Have you considered flying up? It could be less stressful. You could get the 0515 train getting to Heuston at 0825 and get the special airport coach. Could you have flown to the US from Shannon?


----------



## DeeFox (22 Jul 2008)

Have you condidered staying in Dublin the night before?  That is what I'm doing in a few weeks time - get the holiday started early!


----------



## Lydia (23 Jul 2008)

Hmmm, ok maybe it would be better to rethink the idea of driving up that morning. No definitely don't want to fly because we will have a good few bags.
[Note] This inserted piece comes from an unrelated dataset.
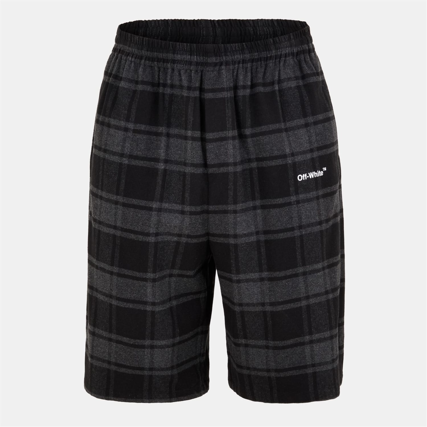 These Off-White plaid bermuda shorts are a stylish addition to your casual and loungewear collections. Featuring an elasticated waistband for comfort, they are adorned with a distinctive logo embellishment, adding a touch of brand identity to the design. -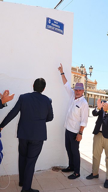 Una nueva placa brilla a los pies de la 'Catedral del Cante': la que pone el nombre de Carlos Herrera a una de sus calles más próximas. Tras la entrega de la 'Llave de la ciudad', los asistentes se desplazaron hasta allí para descubrir este nuevo indicativo. "Es un justo reconocimiento a una figura de esta relevancia profesional y mediática, que siempre que puede habla bien de la Región de Murcia y es un gran embajador", destacó tras la inauguración el presidente de la Comunidad Autónoma de la Región de Murcia, Fernando López Miras, añadiendo que "lo sentimos como un ciudadano más de la Región".

Might just start the holiday early as was suggested and stay there the night before.
Thanks for the replies!!!


----------



## Flexible (23 Jul 2008)

I would always go by AA Roadwatch and then add an hour in case I got a puncture or was otherwise delayed.


----------



## addob (23 Jul 2008)

I vote with DeeFox, go up the night before, relax in a hotel atthe airport and start your holiday early and without the stress of rushing to the airport that morning.

I'd get no sleep the night before if I was working to your schedule!

Happy holiday!


----------



## Dicette (23 Jul 2008)

The last few times I've flown from Dublin, I've parked the car in Bewleys Airport Hotel - it's cheaper and  in my opinion, more convenient than the official airport car park.

If you decided to stay in Dublin the night before - it might be worth checking this out for accomodation as well as car parking.


----------



## FredBloggs (23 Jul 2008)

Dicette said:


> The last few times I've flown from Dublin, I've parked the car in Bewleys Airport Hotel - it's cheaper and in my opinion, more convenient than the official airport car park.
> 
> If you decided to stay in Dublin the night before - it might be worth checking this out for accomodation as well as car parking.


 
I was going to post this myself.  would be well worthwhile doing.  You could park there for the duration and they run a frequent shuttle service to the airport.  Check out their website.  You'll have enough hassle the day you're going without driving up from Cork, battling the traffic, finding parking....


----------



## oldtimer (23 Jul 2008)

From this Friday (25 July) the travel time from Dublin to Cork is expected to shorten by 40 minutes with the opening of the new 41km of divided dual carriageway between Cashel and Mitchelstown.


----------



## mercman (23 Jul 2008)

If you intend having brekkie, give the Airport a Pass. We had it there two weeks ago and it was disgusting. The full Irish was piled high on the plate and it tasted like road works. Get some grub out of the Airport - better quality and better value


----------